Nattokinase is the most important active ingredient in natto with thrombolytic effect, and the active ingredient will disappear after heating, therefore, natto is best eaten cold. I'm not used to the unique odor and sticky texture of natto, but it's much better when it's mixed with vegetables. For example, mix diced onion, shredded cabbage and natto with soy sauce, mustard and chili oil. Alternatively, as an after-dinner snack, you can put some natto in a fruit salad and mix it with diced fruit and salad dressing for a delicious flavor.

Second, add vinegar to remove sticky threads; make natto burritos.

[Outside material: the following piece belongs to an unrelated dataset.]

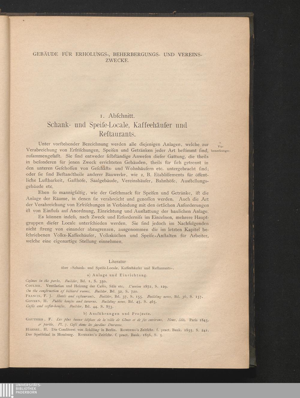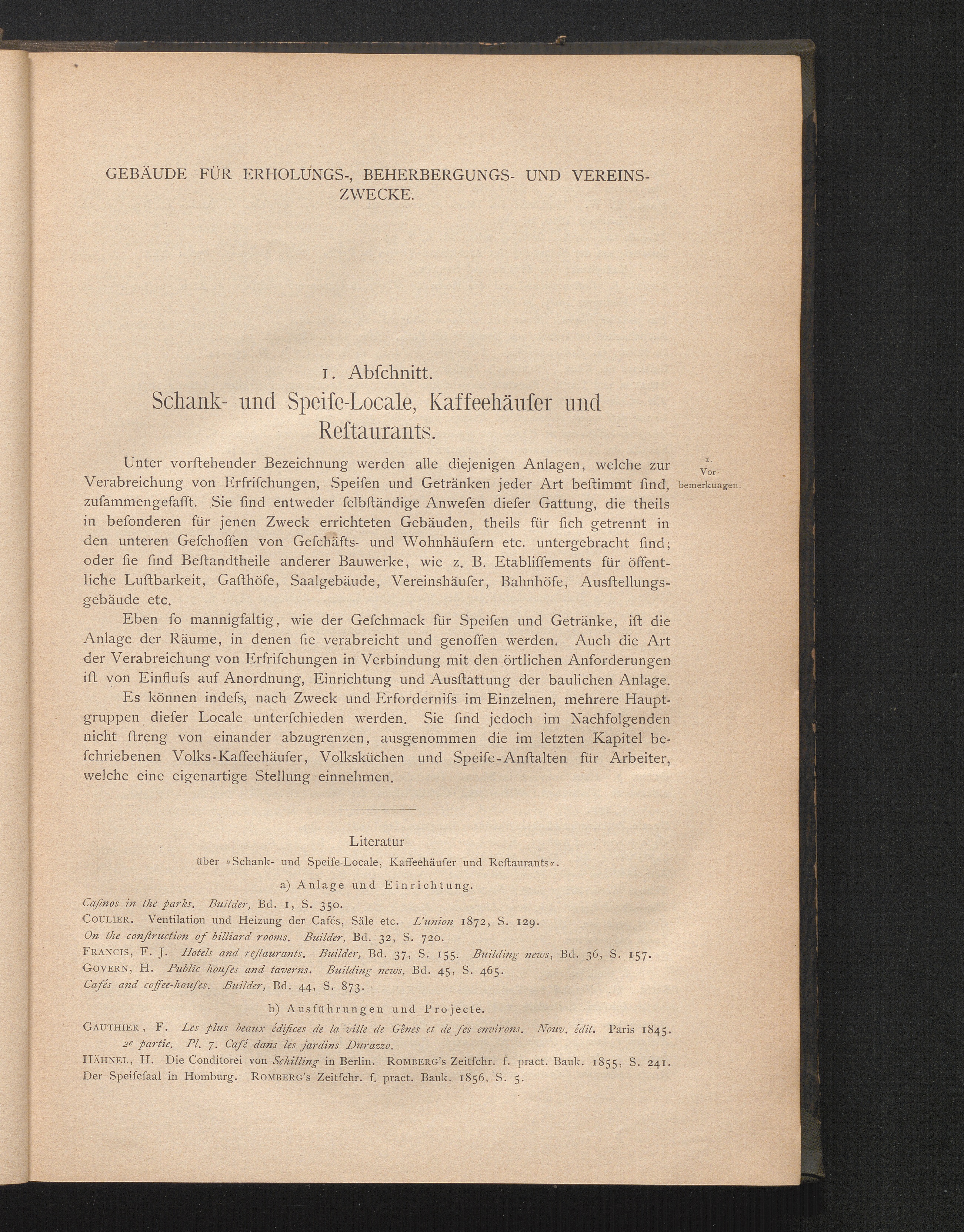 1. Abschnitt: Schank- und Speise-Locale, Kaffeehäuser und Restaurants.

When natto is fermenting, the microbes produce a lot of mucin, which is a healthy ingredient, but it's a pain in the ass when you eat it. I have a way to deal with it: add 1 tbsp of balsamic vinegar to mix the natto first, the mucus will thin out and you can just scoop it out with a spoon. I sometimes buy some Yanjing fresh natto to make natto burrito, natto, scallions and sesame oil, soy sauce, mustard, vinegar, salt, and so on, and add some blanched bean sprouts and asparagus silk, mixing and spread on the coarse grain pancake, dipped in the sweet noodle sauce to eat, not only to promote appetite, but also can take in rich dietary fiber.

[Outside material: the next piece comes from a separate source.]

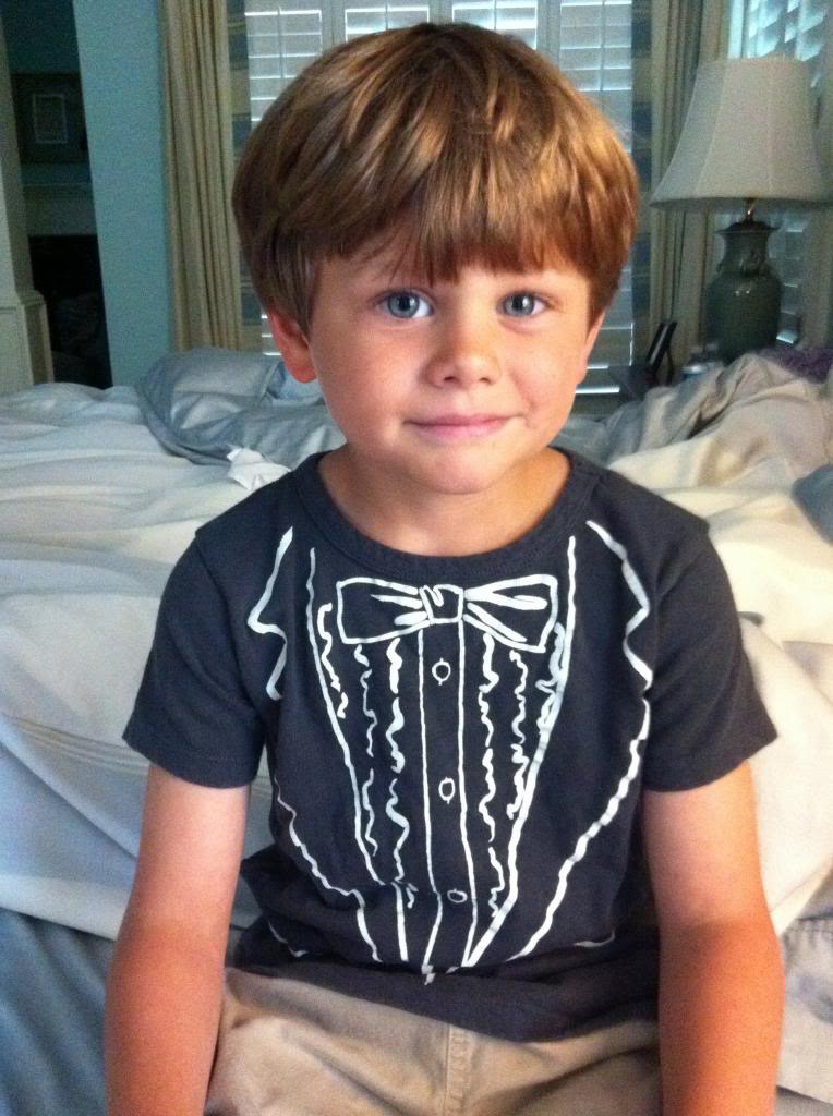 School’s out! No more uniforms! Tucker takes it up a notch on Day 1 of summer break with the ever-classic tuxedo shirt.

Three, natto added to rice.

Natto kinase in natto can dilate blood vessels, dissolve blood clots, easy to use, low price, and no side effects. I know a lot about eating natto. Previously had a gastric ulcer, a friend recommended to me fresh natto, said it can protect the stomach and intestines, from then on I insisted on eating some every day. Generally are the natto poured some soy sauce and other condiments mixed in the rice to eat, three months after the ulcer disappeared.